** Directions for this task **
Nothing should appear in the answer except the lines from the one with "携手同行,一定能赢,我们的大筐子可以装下所有彩球。" through the end of the listing below, transcribed exactly and without pictures.

** Collected data **
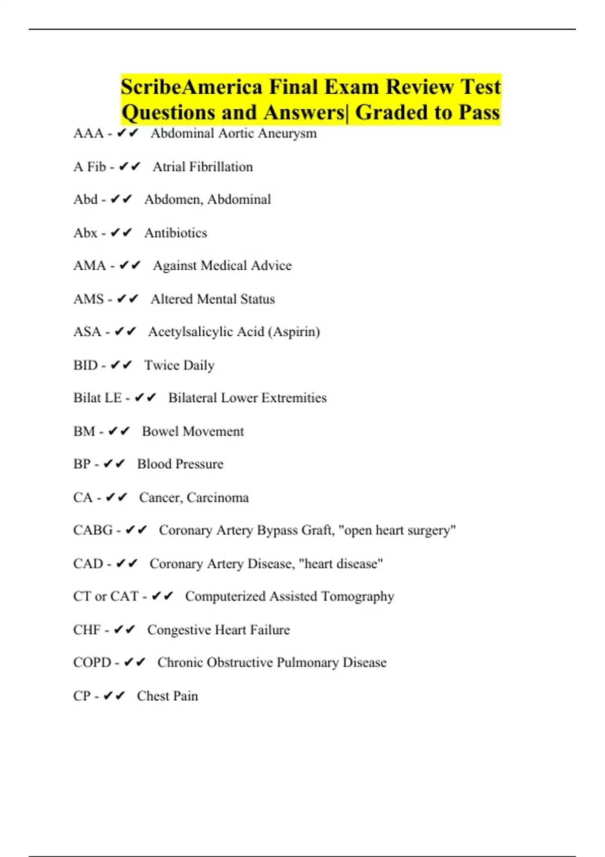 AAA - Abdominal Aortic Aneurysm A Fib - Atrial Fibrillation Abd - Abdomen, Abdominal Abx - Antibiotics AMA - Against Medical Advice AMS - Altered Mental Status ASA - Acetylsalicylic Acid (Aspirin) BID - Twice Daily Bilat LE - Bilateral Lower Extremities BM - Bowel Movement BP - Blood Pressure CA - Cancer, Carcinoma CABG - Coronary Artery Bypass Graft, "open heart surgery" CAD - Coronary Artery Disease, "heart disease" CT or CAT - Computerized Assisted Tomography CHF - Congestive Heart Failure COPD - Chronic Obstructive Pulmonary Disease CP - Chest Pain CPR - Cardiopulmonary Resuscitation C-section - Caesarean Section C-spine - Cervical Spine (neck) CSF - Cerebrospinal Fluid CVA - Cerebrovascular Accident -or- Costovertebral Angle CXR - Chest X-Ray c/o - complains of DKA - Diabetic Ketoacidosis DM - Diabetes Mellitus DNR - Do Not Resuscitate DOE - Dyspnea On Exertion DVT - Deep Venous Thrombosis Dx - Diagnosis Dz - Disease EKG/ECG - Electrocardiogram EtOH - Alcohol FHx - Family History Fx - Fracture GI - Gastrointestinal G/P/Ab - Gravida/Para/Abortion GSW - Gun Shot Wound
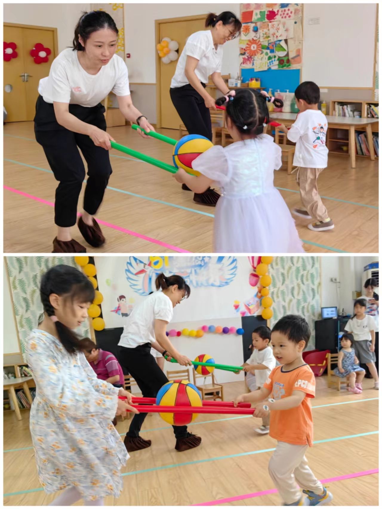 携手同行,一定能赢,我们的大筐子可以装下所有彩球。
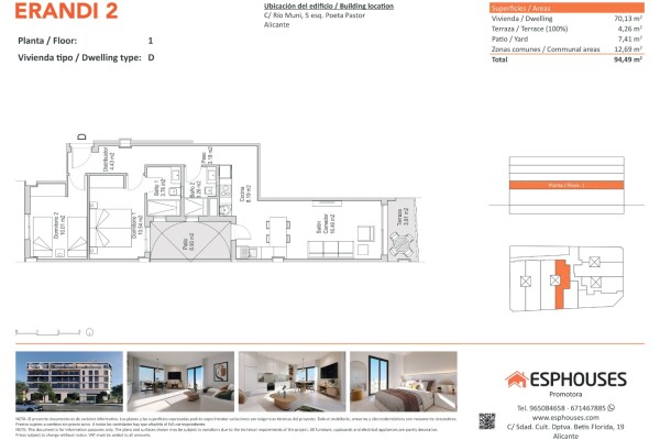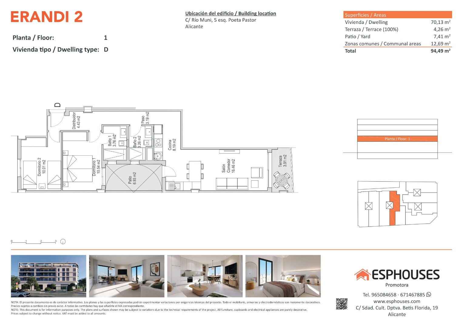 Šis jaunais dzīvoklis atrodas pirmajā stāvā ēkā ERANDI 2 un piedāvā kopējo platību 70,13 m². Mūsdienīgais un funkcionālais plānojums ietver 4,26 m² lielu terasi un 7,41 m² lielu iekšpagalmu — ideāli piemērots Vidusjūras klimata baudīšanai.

** Answer space **
 携手同行,一定能赢,我们的大筐子可以装下所有彩球。
 Šis jaunais dzīvoklis atrodas pirmajā stāvā ēkā ERANDI 2 un piedāvā kopējo platību 70,13 m². Mūsdienīgais un funkcionālais plānojums ietver 4,26 m² lielu terasi un 7,41 m² lielu iekšpagalmu — ideāli piemērots Vidusjūras klimata baudīšanai.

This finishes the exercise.